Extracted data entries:
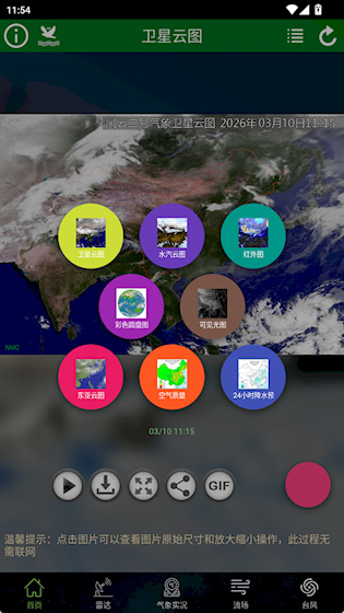 1、 多图层切换:提供真彩色、红外、水汽等多种云图模式,用户可自由切换查看不同维度的大气状况,满足多样化观测需求。
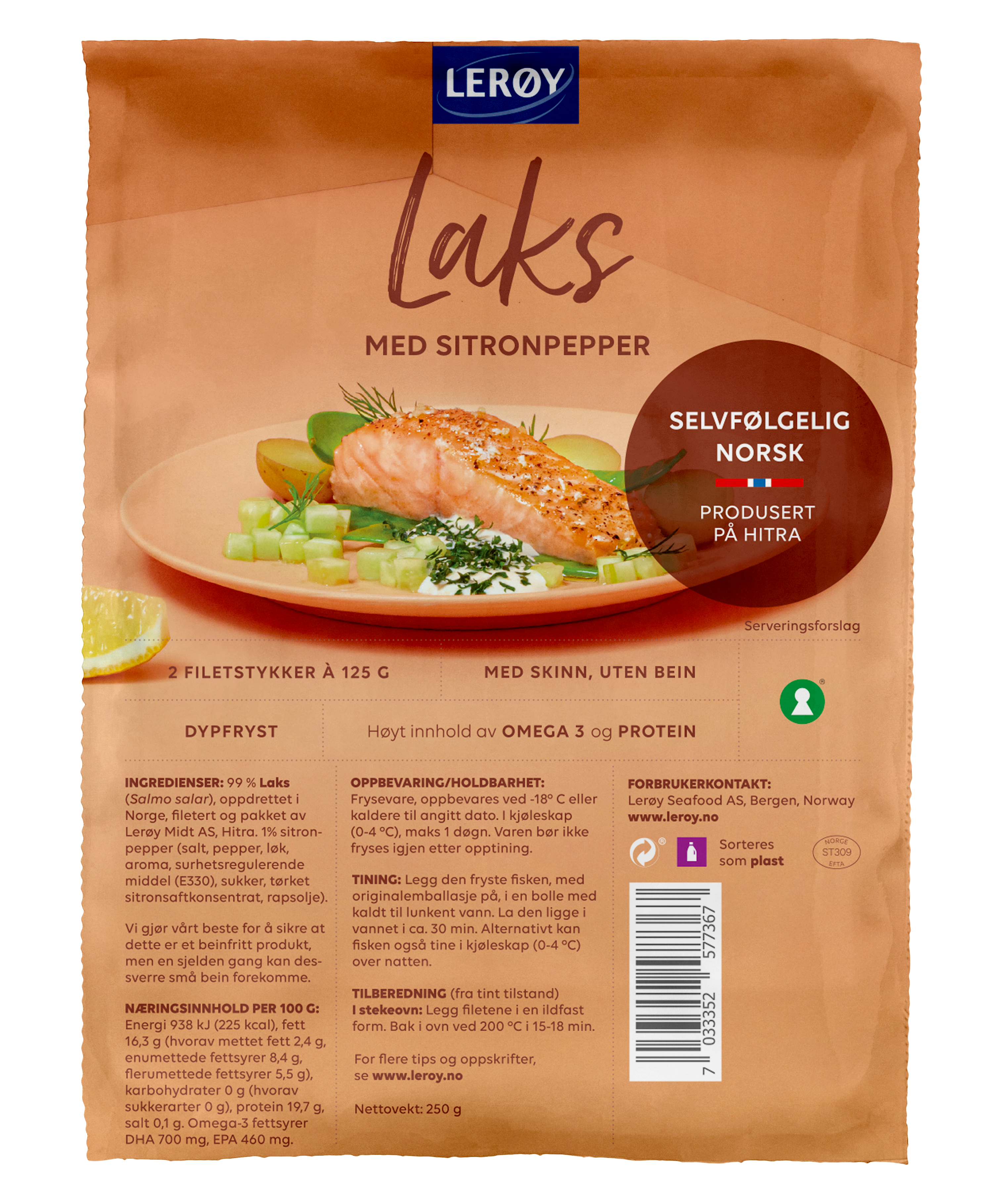 Frys - Laks med sitronpepper 2x125g
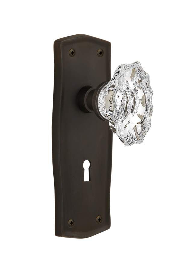 Nostalgic Warehouse 713994: Prairie Collection Backplate with Chateau Knob Privacy Door Set in Oil-Rubbed Bronze finish. The quiet, discerning restraint of the Prairie Plate evokes a spirit reminiscent of the Craftsman style. Add our Chateau crystal door knob, with its distinctive shape and brilliant sparkle, this unique oval crystal door knob adds an elegant accent to any door.
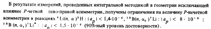 В результате измерений, проведенных интегральной методикой в геометрии исключающей влияние Учетной лево-правой асимметрии, получены ограничения на величину Р-нечетной асимметриив реакциях 6Щп, а )3Н :\ар\< 1,4*10~б, 10B(«, aQ )7Li :\ар\< 8· 10"6 ; 1 °В (п, ах )7Li* : | ап \ < 1,5 10" 6 (90%-ный уровень достоверности).
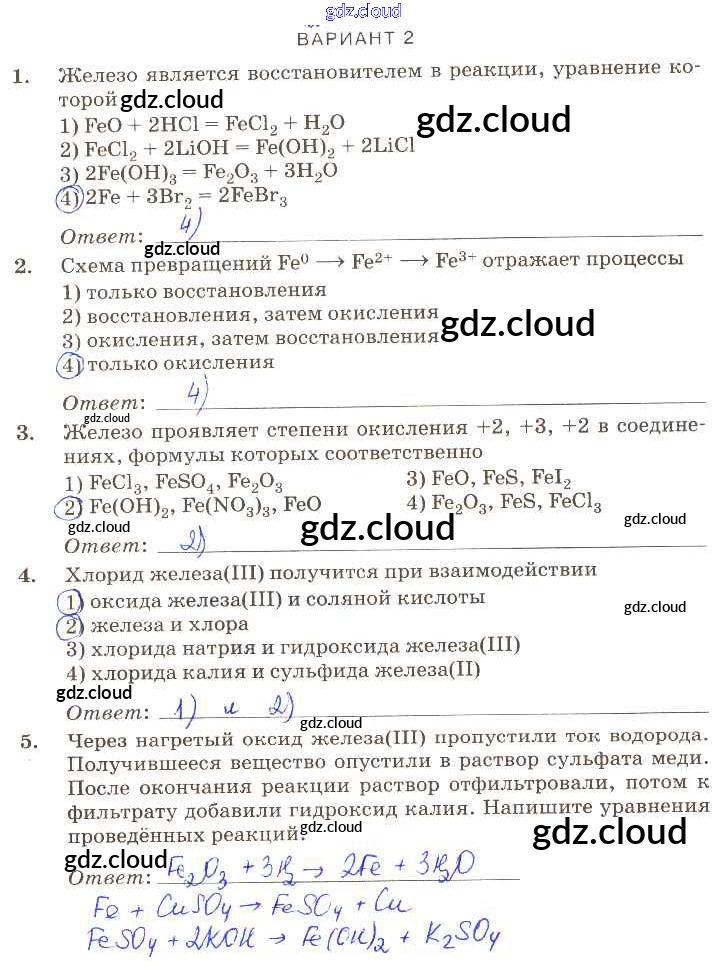 Ответ на задание вариант-2 Контрольные работы Химия за 9 (девятый) класс Габриелян, Березкин, Ушакова, Майорова, Кузьмина, Кириллова Вертикаль 2013
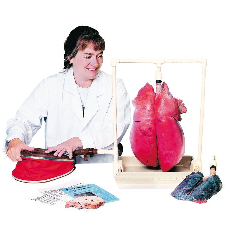 Colgado de un soporte de fijación, el pulmón está conectado por la abertura de la tráquea a una bomba, simulando así los movimientos de inspiración y espiración gracias al oxigeno soplado en el sistema pulmonar. Más cercano al realismo, este modelo de pulmón de cerdo ofrece la posibilidad de simular de manera eficaz y lúdica el proceso de respiración delante de un grupo de alumnos.
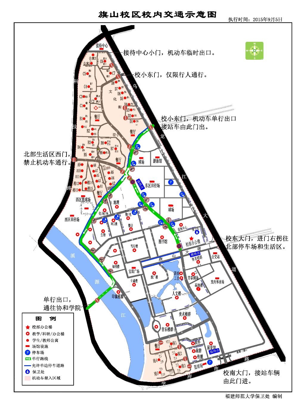 (三)小东门(明德路),星槎桥门,仓山大道北段,明德路,溪源路北段实行单向通行,北部生活区西门禁止机动车通行,请严格按交通示意图行驶,严禁逆向行驶。
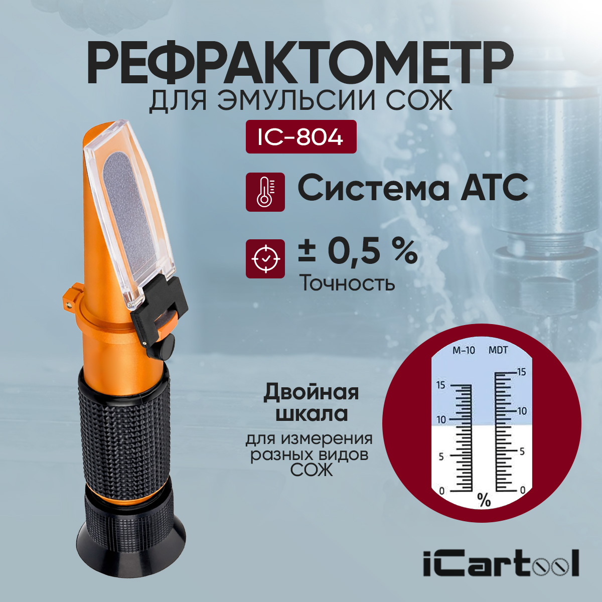 Рефрактометр СОЖ iCartool IC-804 — ручной оптический прибор для контроля концентрации смазочно-охлаждающих жидкостей (водосмешиваемых эмульсий) по принципу преломления света. Он помогает быстро оценить состояние СОЖ на производстве, понять, насколько корректно приготовлена эмульсия, и вовремя заметить ухудшение её свойств.
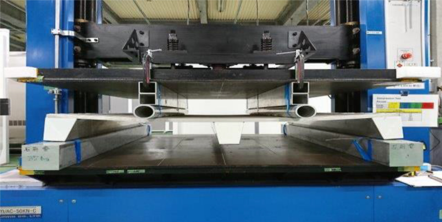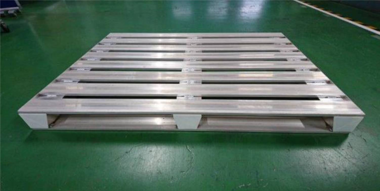 一般的に使用されている1000Kg積載パレットは社外検査機関にて JISZ0602-1988 平パレット試験(曲げ、脚部圧縮)を実施し、JISZ0605-1989金属製平パレットの基準値(現行基準)に適合しました。

• _Directions for this task_
Only the lines from the line containing "Рефрактометр СОЖ iCartool" through the last line of the entries above should be reproduced, word for word and without pictures.

• _Final answer_
 Рефрактометр СОЖ iCartool IC-804 — ручной оптический прибор для контроля концентрации смазочно-охлаждающих жидкостей (водосмешиваемых эмульсий) по принципу преломления света. Он помогает быстро оценить состояние СОЖ на производстве, понять, насколько корректно приготовлена эмульсия, и вовремя заметить ухудшение её свойств.
 一般的に使用されている1000Kg積載パレットは社外検査機関にて JISZ0602-1988 平パレット試験(曲げ、脚部圧縮)を実施し、JISZ0605-1989金属製平パレットの基準値(現行基準)に適合しました。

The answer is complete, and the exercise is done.